Since you are comparing against the same word over and over, you can get a little performance improvement by using partial application and caching there:
function levenshtein(s1) {
var row0 = [], row1 = [], s1_len = s1.length;
if (s1_len === 0)
return function(s2) {
return s2.length;
};
return function(s2) {
var s2_len = s2.length, s1_idx, s2_idx = 0, a, b, c, c2, i = 0;
if (s2_len === 0)
return s1_len;
…
return b;
};
}
I also repeated myself a bit by linearizing the loop somewhat.
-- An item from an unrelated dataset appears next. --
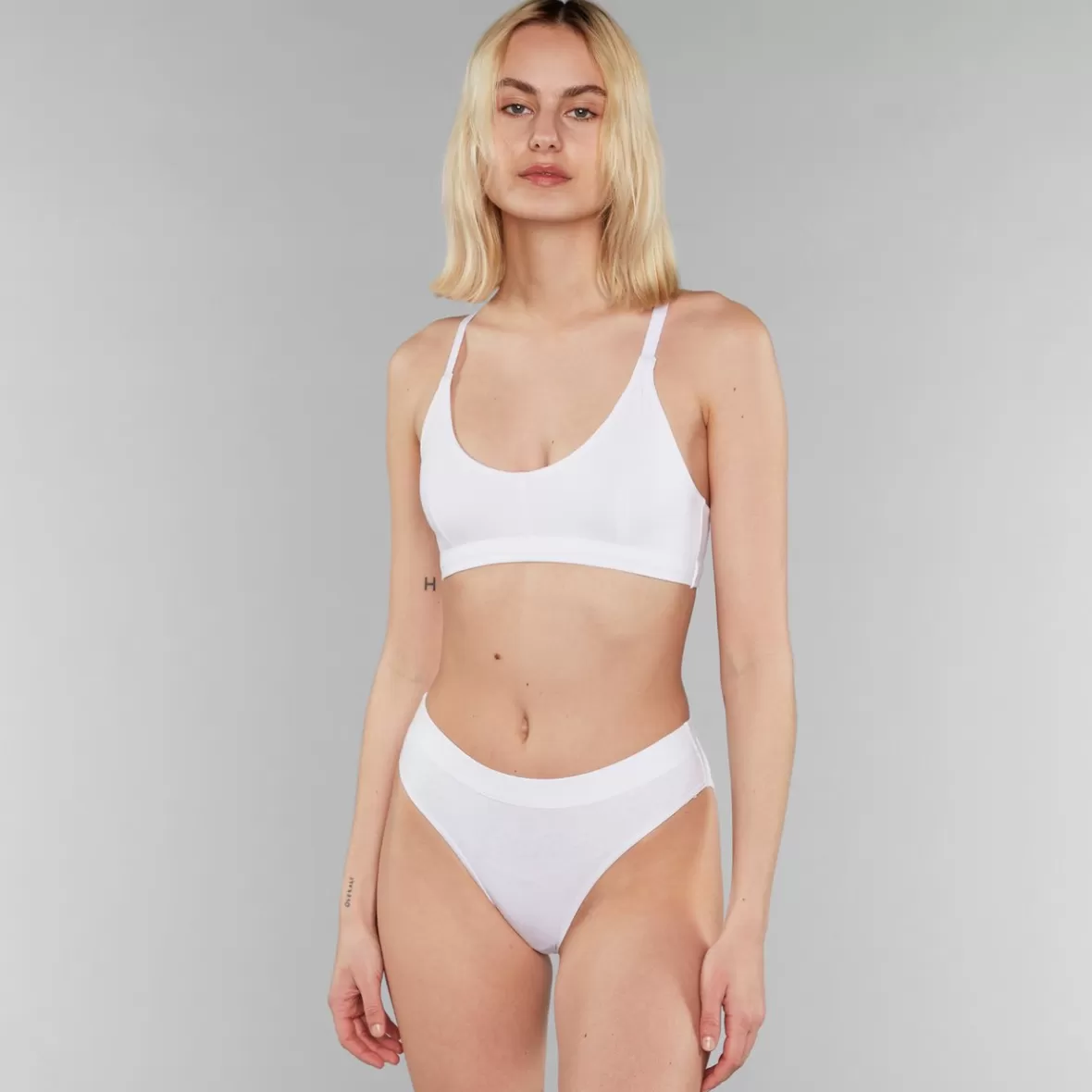 Soft wireless bralette with adjustable straps. Made in a comfortable blend of organic cotton, TENCEL™ Lyocell and elas…
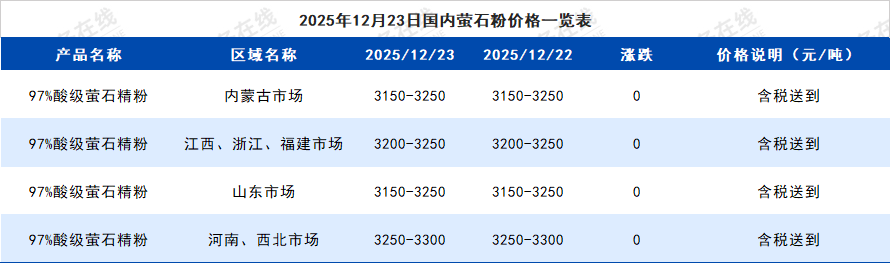 2025年12月23日国内萤石粉价格一览表

Not sure whether it gets lot faster, but you can omit one of the arrays - you do not need to read/write them in an alternating manner:
function levenshtein(s1) {
var s1_len = s1.length, row = new Array(s1_len);
if (s1_len === 0)
return function(s2) {
return s2.length;
};
return function(s2) {
var s2_len = s2.length, s1_idx, s2_idx = 0, a, b, c, c2, i = 0;
if (s2_len === 0)
return s1_len;
while (i < s1_len)
row[i] = ++i;
while (s2_idx < s2_len) {
c2 = s2[s2_idx];
a = s2_idx;
++s2_idx;
b = s2_idx;
for (s1_idx = 0; s1_idx < s1_len; ++s1_idx) {
c = a + (s1[s1_idx] === c2 ? 0 : 1);
a = row[s1_idx];
b = b < a ? (b < c ? b + 1 : c) : (a < c ? a + 1 : c);
row[s1_idx] = b;
}
}
return b;
};
}
I don't think further optimisations can be made without putting your millions of words in a dedicated data structure (e.g. a prefix trie).